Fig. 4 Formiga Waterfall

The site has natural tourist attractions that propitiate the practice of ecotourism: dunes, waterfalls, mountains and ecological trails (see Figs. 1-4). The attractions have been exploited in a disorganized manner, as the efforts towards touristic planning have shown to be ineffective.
--------------------
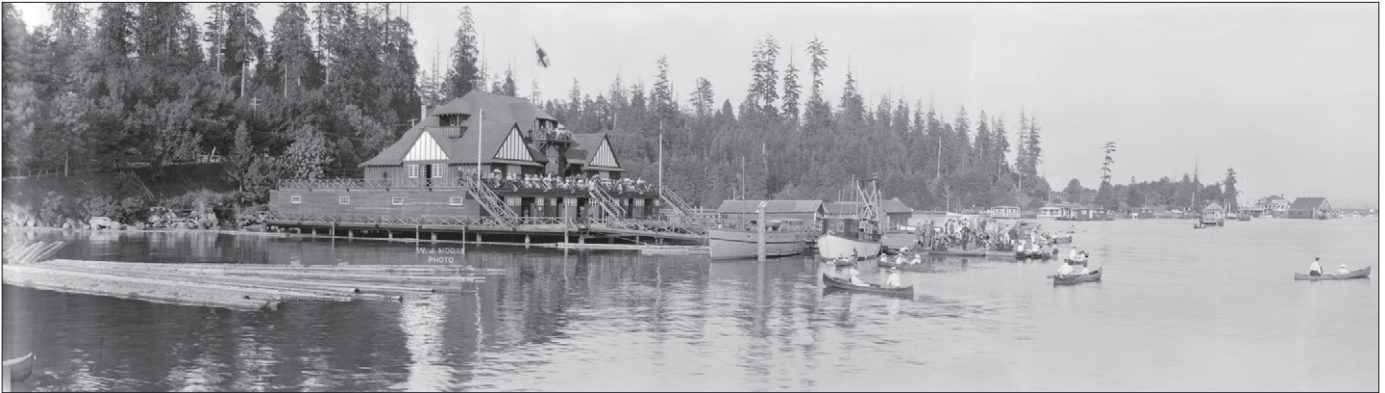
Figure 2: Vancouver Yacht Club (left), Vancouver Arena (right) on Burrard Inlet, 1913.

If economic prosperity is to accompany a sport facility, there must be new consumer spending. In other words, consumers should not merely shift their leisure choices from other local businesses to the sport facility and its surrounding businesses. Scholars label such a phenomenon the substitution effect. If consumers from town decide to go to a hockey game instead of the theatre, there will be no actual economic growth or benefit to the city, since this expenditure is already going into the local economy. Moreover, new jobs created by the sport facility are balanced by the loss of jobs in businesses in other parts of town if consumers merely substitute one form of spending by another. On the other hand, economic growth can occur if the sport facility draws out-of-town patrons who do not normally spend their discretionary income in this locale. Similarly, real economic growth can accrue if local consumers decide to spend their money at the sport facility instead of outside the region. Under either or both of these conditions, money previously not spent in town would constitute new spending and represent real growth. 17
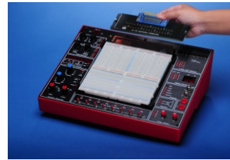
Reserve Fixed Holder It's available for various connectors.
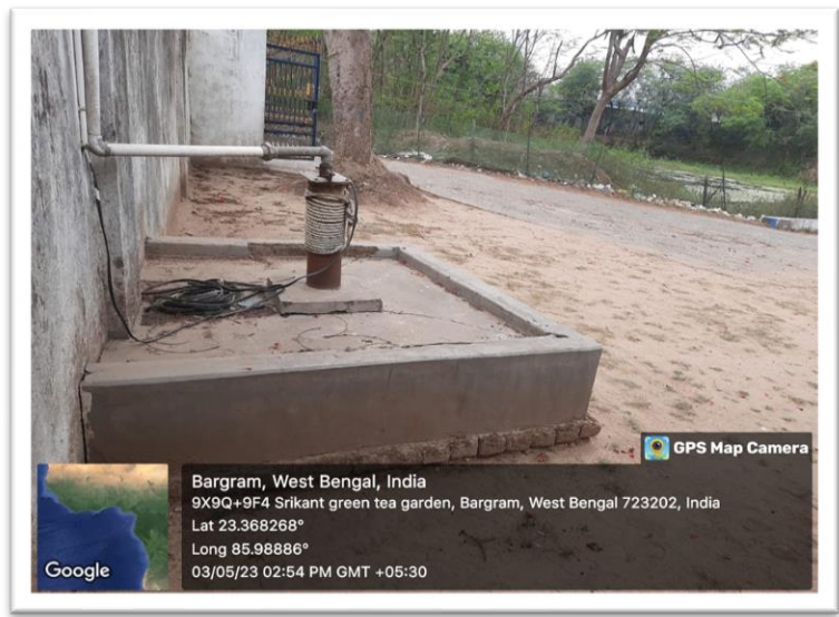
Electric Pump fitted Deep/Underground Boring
--------------------
Word for word, restate the lines of the data above that fall between the line holding "Fig. 4 Formiga Waterfall" and the line holding "The site has", inclusive, and no other lines.

Fig. 4 Formiga Waterfall

The site has natural tourist attractions that propitiate the practice of ecotourism: dunes, waterfalls, mountains and ecological trails (see Figs. 1-4). The attractions have been exploited in a disorganized manner, as the efforts towards touristic planning have shown to be ineffective.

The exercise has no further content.